Certes, il serait exagéré de dire que nous risquons de voir s’installer demain matin à l’Élysée les agents du FMI. D’autant plus que nous ne serions alors pas les seuls, nombre de pays européens ont vu leur dette exploser depuis deux ans.

Mais tout de même, l’heure est grave et nous ne pouvons pas nous permettre de minimiser les annonces faites ces derniers jours par certaines agences de notations. Elles ont mis en garde – d’abord discrètement puis officiellement – le gouvernement français des risques qu’il prenait avec la souscription sur les marché des sommes nécessaires au grand emprunt.

Le ministère de l'économie et des finances dans le brouillard

Fitch Ratings a ainsi estimé que ce grand emprunt, d’un poids égal à 1,8% du PIB, fera passer la France à un déficit à 2 chiffres, plus de 10% du PIB – vous avez bien lu – pour l’année 2010, ce qui n’est pas acceptable. Selon l’agence, avec une dette supérieure à 85% du PIB fin 2010 – et sûrement proche des 100% à la fin du mandat de Nicolas Sarkozy – notre pays sera dans une situation plus défavorable encore que celle de la Grande-Bretagne. Alors même que, comme le souligne le communiqué, la France devrait avoir moins souffert que d’autres pays du fait de la faible financiarisation de son économie.

Au passage, on comprend mieux la violente réaction de François Fillon aux propos d’Henri Guaino soutenant qu’il n’y avait pas de limite “technique” au grand emprunt.

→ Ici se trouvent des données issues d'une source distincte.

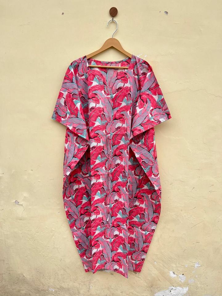 ชุดคาฟทันผ้าฝ้ายพิมพ์ลายขนนกแบบอินเดียสำหรับผู้หญิง ชุดเพื่อนเจ้าสาว ความยาวระดับเข่า มีเชือกผูก น้ำหนักเบา เหมาะสำหรับฤดูหนาว
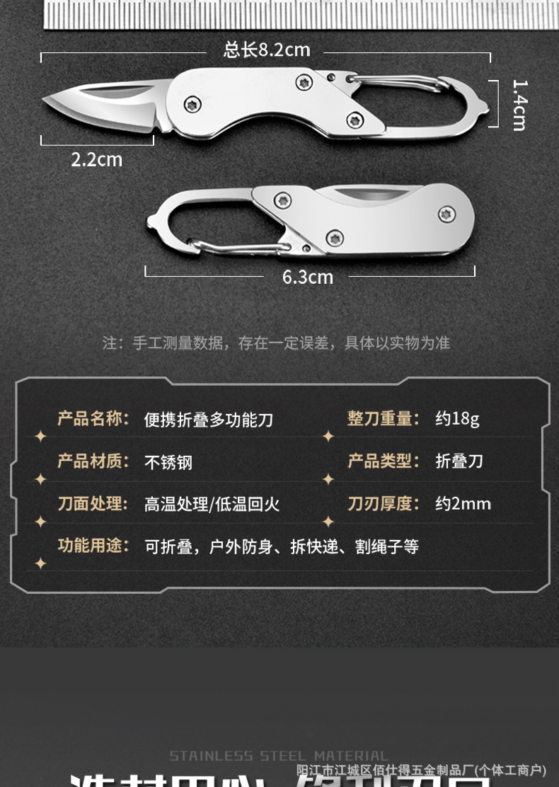 户外随身刀具便携迷你小刀折叠刀多功能EDC工具镀钛不锈钢钥匙刀
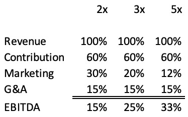 Veámoslo con un ejemplo. Sea un negocio para el cual la inversión máxima anual en marketing y ventas sin incrementar el CAC es de €10M, su LTV/CAC es de 3x y su margen de contribución es del 60% de los ingresos. En ese caso, los ingresos máximos o tamaño máximo de la compañía sería: €10M x 3 / 60% = €50M.
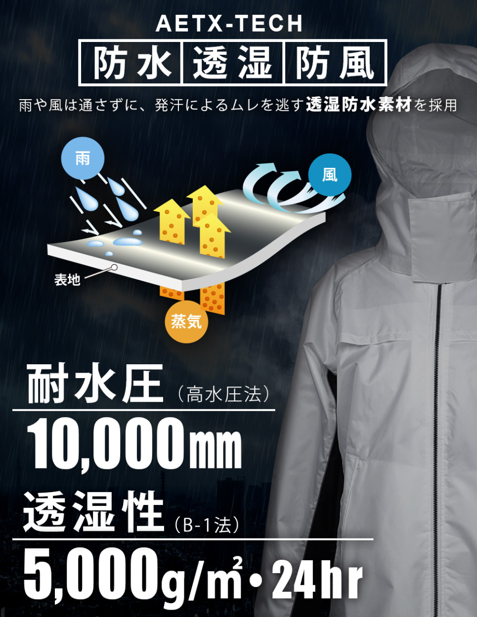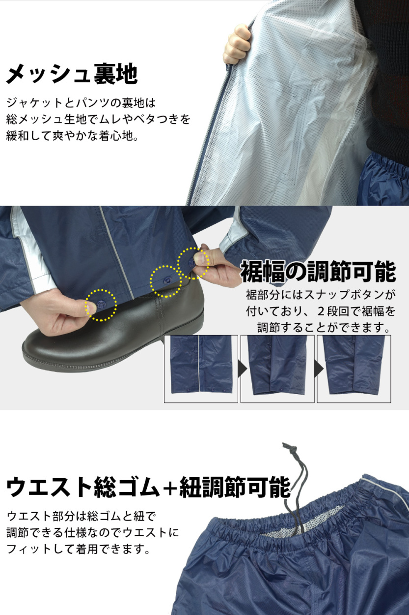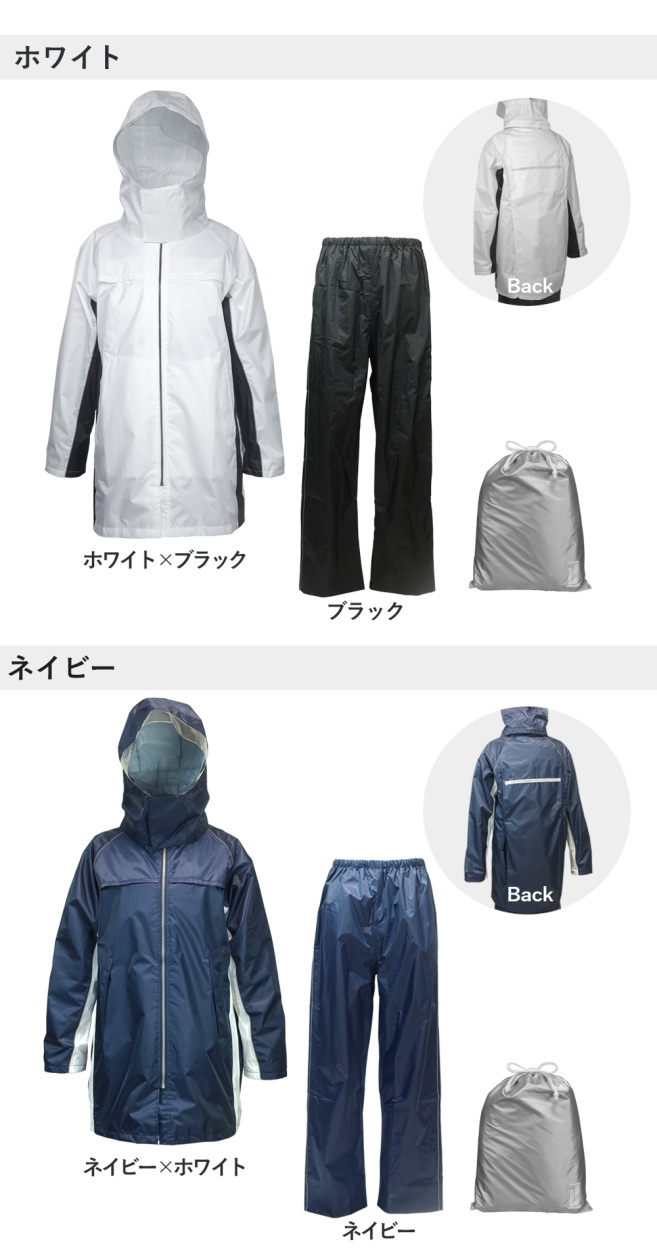 回転フードで左右の確認がしやすい、リュックを背負いながら着用できるヘルメット対応のレインウェアの上下セットです。
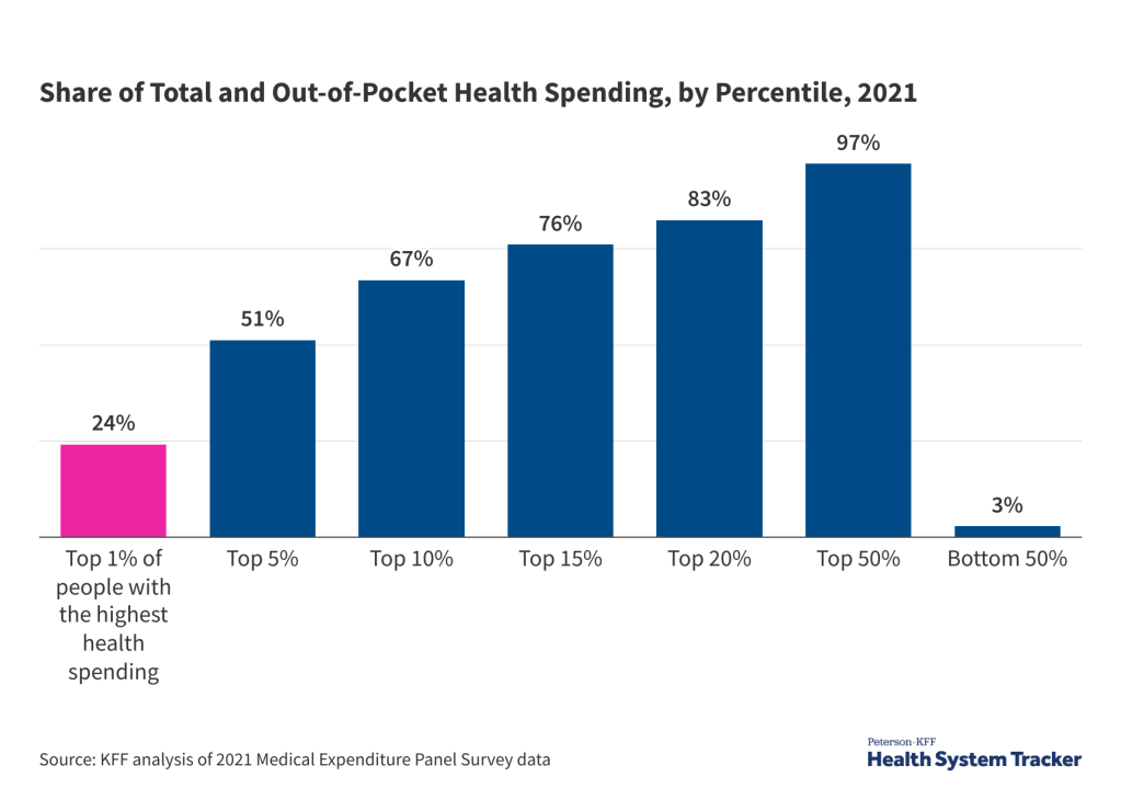 But first, it’s important to know that at any given time, most people are relatively healthy. The 5% of the population with the highest health costs makes up about half of total health spending. Removing the people with the highest health costs could significantly decrease premiums (before subsidies) for the healthier group, while significantly increasing premiums for sicker people.

Quel est le risque ? Dans la pire des situations, la France quitte le club des 18 pays notés AAA par les trois grandes agences de notation mondiale. Or notre dette appartenant à 66% à des investisseurs étrangers – c’est beaucoup –  et l’Etat étant très dépendant des levées de fond qu’il effectue sur les marchés (212 milliards prévus en 2010, hors grand emprunt (!), contre 81 milliards il y a 10 ans), les conséquences pourraient être terribles. Si l’Etat ne peut plus lever des fonds sur les marchés, il n’a tout simplement plus de liquidités pour payer les dépenses de fonctionnement, les salaires et les programmes de solidarité par exemple… Mais ce changement reste peu probable, les agences de notation ne se risqueraient pas à faire sombrer un pays.

Dans tous les cas, les taux pourraient être sensiblement relevés et la dette deviendrait encore plus lourde qu’elle ne l’est déjà. Pour rappel, le budget 2010 provisionne 42, 4 milliards pour payer les intérêts de la dette. Seulement pour payer les intérêts, pas pour rembourser ! Et la commission des finances prévoit le dépassement des 50 milliards d’ici à 2012, soit plus ou moins le sixième (!!!) du budget de l’Etat (340 millions d’euros en 2008).Plus que le budget de la défense – 47 milliards.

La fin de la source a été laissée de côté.